**TASK PROMPT:** Give the lines below again exactly, starting with the line that holds "Vintage Elegant Black" and going on through the line that holds "Beelden van dakloze".

**MATERIAL PROVIDED:**
□ □ □ □
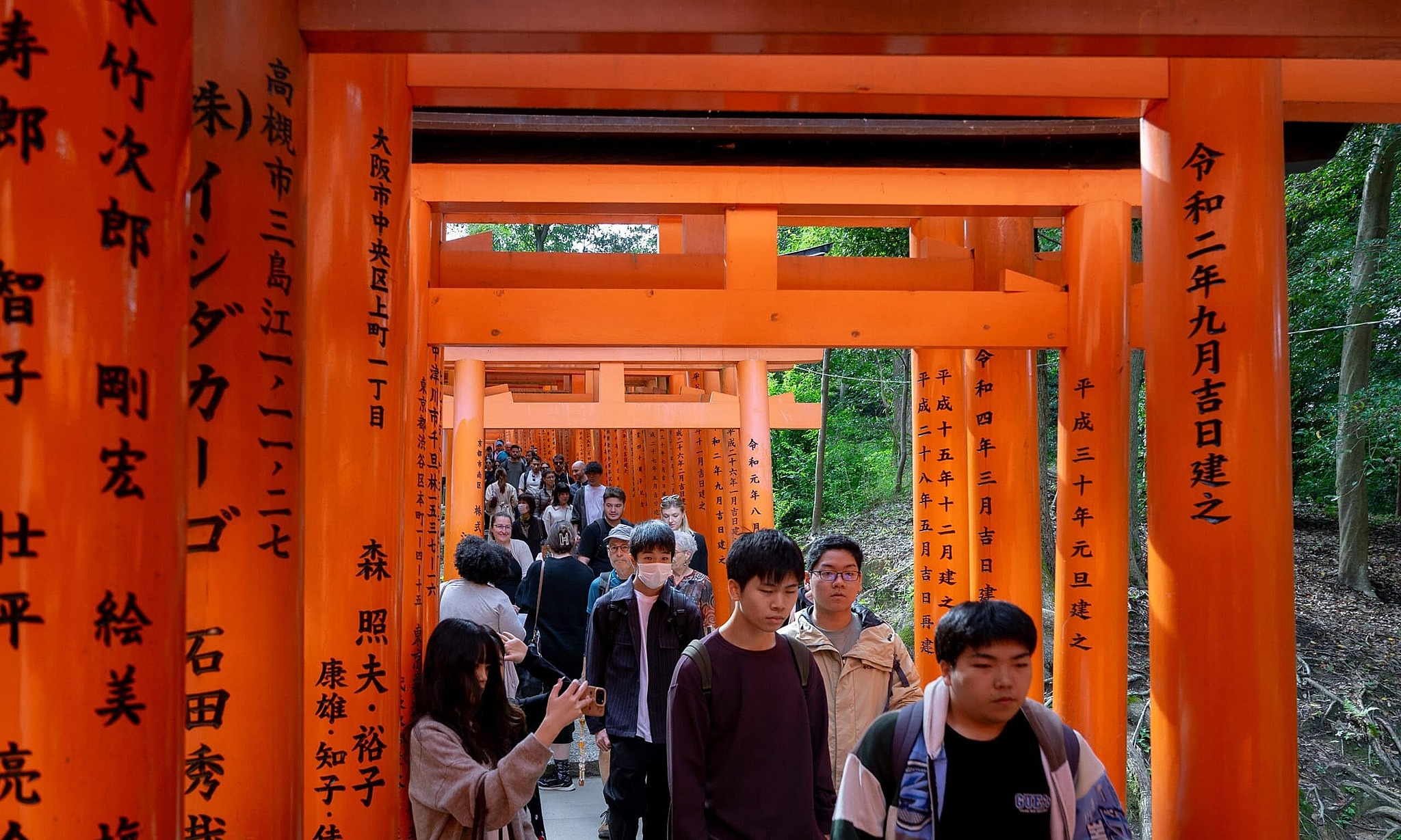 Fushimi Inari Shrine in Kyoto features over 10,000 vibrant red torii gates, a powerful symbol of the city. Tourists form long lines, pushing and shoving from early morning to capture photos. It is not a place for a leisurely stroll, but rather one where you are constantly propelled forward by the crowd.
□ □ □ □
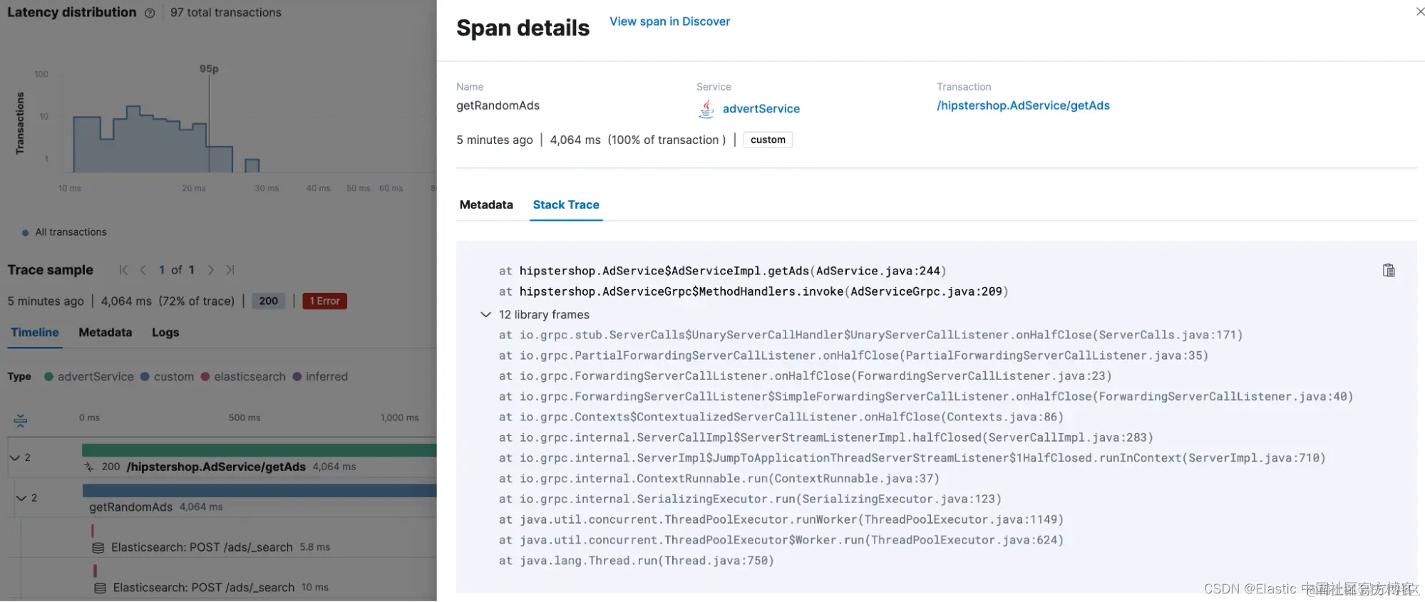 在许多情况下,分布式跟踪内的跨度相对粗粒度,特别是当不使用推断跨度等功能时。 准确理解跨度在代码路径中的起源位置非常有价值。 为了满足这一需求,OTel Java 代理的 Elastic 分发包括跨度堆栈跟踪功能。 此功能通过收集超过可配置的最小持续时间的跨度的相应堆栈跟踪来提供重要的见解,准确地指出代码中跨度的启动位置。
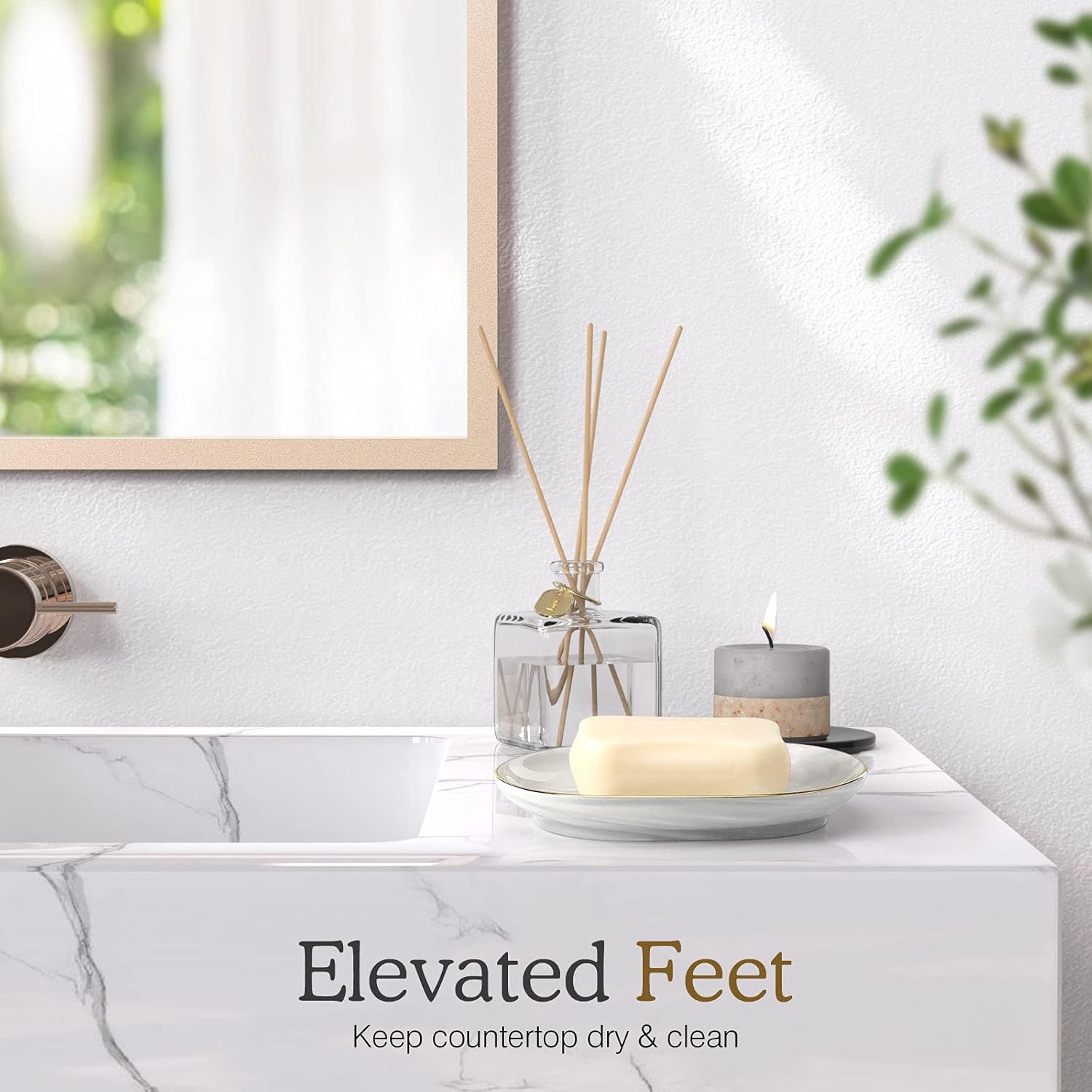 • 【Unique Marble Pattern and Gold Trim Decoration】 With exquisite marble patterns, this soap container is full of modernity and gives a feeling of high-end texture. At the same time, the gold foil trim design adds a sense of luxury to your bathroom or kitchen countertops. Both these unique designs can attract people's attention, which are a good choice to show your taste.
□ □ □ □
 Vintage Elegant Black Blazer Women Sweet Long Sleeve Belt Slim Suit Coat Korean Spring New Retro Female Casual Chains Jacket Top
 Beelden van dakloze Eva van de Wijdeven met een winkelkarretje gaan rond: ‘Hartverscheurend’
□ □ □ □
**TASK ANSWER:**
 Vintage Elegant Black Blazer Women Sweet Long Sleeve Belt Slim Suit Coat Korean Spring New Retro Female Casual Chains Jacket Top
 Beelden van dakloze Eva van de Wijdeven met een winkelkarretje gaan rond: ‘Hartverscheurend’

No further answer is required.